Forgiving Does Not Mean that You Will Forget
November 15th, 2006 (Forgive)
It is commonly assumed that when you forgive, your negative feelings are completely replaced by positive ones. The problem with this expectation is that it’s so categorical, that it puts forgiveness out of reach and leaves you with no alternative but to not forgive at all. When you grant “genuine forgiveness”, you make room for anger and recognize it as normal and adaptive. You don’t replace it with compassion or love and simply wipe the slate clean. This sort of magical reversal is not what happens to real people who have suffered real emotional injuries.
Even years from now, when you think about how you’ve been hurt or when something calls up the memory of your suffering, your old pain may resurface, grab hold of you, and drag you down. To expect otherwise is to deny the power of the human brain to conjure up traumatic moments and force you to re-experience them with the same clarity of detail, the same visceral intensity, as when they first occurred.

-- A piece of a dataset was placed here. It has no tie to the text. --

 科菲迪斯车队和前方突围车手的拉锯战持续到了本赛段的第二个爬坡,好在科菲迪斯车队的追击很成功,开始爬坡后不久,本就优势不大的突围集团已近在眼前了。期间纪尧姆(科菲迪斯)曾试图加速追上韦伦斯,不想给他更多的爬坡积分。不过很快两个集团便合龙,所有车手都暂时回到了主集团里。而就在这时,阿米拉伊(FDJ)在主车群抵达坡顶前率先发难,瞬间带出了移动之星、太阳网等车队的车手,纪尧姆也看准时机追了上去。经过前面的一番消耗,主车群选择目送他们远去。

Even if you forgive an offender, even if you’re committed to a life of equanimity, there may be times when you experience spasms of hate and cannot separate what he did to you from who he is. You are still human, and to think your response can be divided into neat boxes is unrealistic. Accepting this will broaden your understanding of what it means to forgive and make room for negative spikes in emotion that are bound to arise.

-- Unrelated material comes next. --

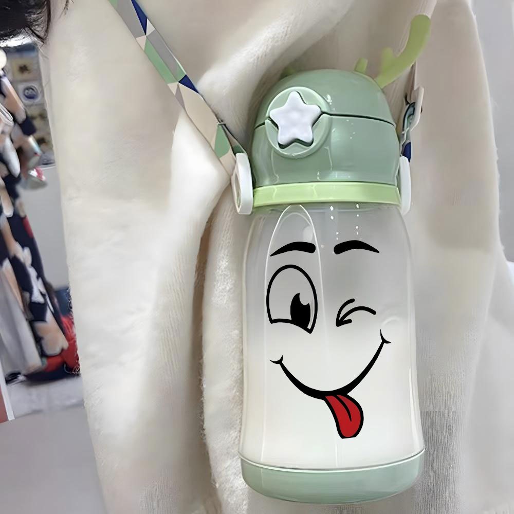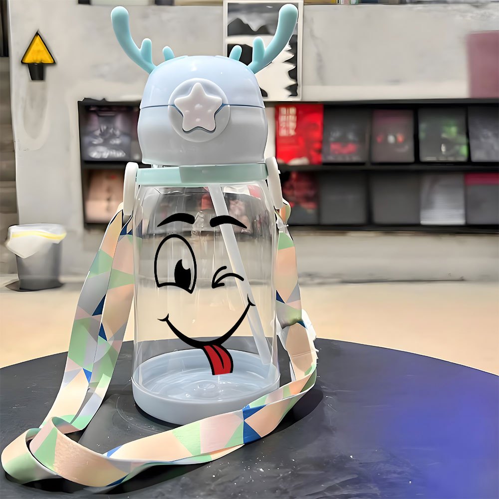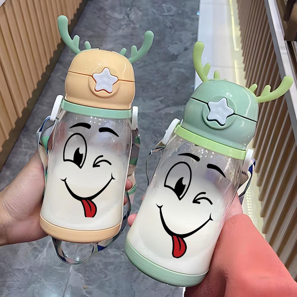 Christmas Thanksgiving 1pc, 20.29oz, Plastic Cup, Featuring a Playful Smiley Face Design, Antler Water Cup, Plastic Bouncing Cup, with Shoulder Strap, Water Bottle, Ideal for Outdoor Activities, Sports, Fitness, Cycling, Portable Straw Cup, Fruit Cup

What happens when you genuinely forgive is not that you necessarily empty yourself of all hostile feelings, but that you allow other emotions to co-exist with them - more tender or positive emotions, such as sadness and grief. Along with your anger comes a richer, more balanced, more complex reaction - encompassing both what the offender did wrong and what he did right, both the damage he inflicted on you and his efforts to make good.
A Real Life Example
However, be prepared because forgiving won’t wash away the injury; you may be left with a residue of bad feelings and an overwhelming sense of loss. This is what my good friend Sherri experienced. Although she forgave her husband, Bob, for having an affair, she continued to struggle with bitterness and sorrow. “I know he’s trying hard to make me feel valued and safe,” she assured me, “but I’ve lost the idealized image I had of him - forever. My feelings continue to oscillate between empathy and an unbearable sense of betrayal.”

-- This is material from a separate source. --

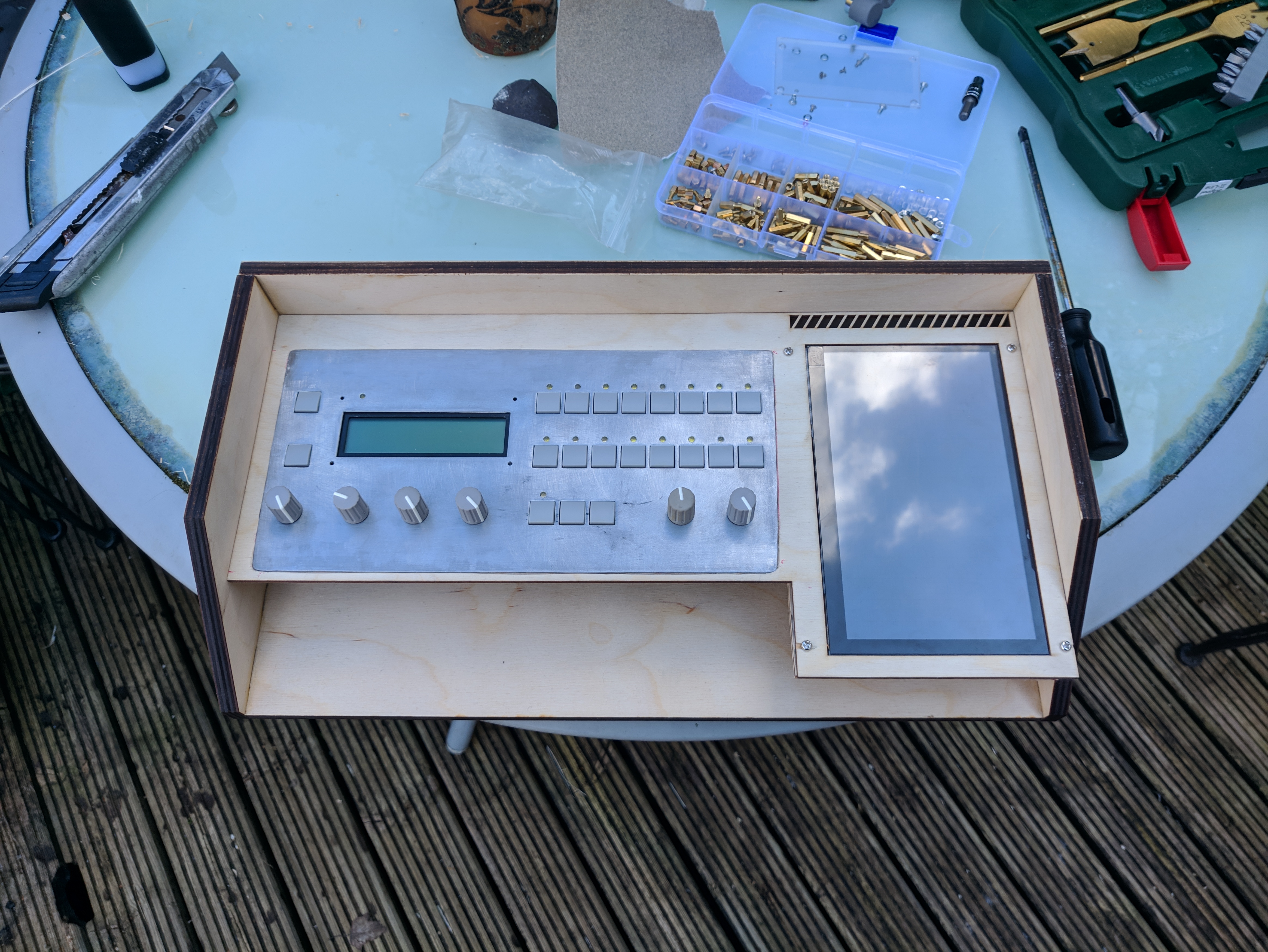 I’m finishing the fucking thing! Nearly there. Aiming for power on next week, if all goes well. Got a name for it and some artwork on the box. Main panel with the virus, screen and computer is all finished. Just wiring and fittings to do.

Two years after Bob revealed his affair, Sherri sent me this note: “The affair still hurts very much, although the therapy helps. So does reading and the passing of time. We live with it and do the best we can, and we both love each other.” It could be said that Sherri hasn’t forgiven Bob yet because her positive feelings toward him are at times tainted with negative ones. It could also be said that she has partially forgiven him and may forgive him more over time. When you forgive, you don’t flip a switch.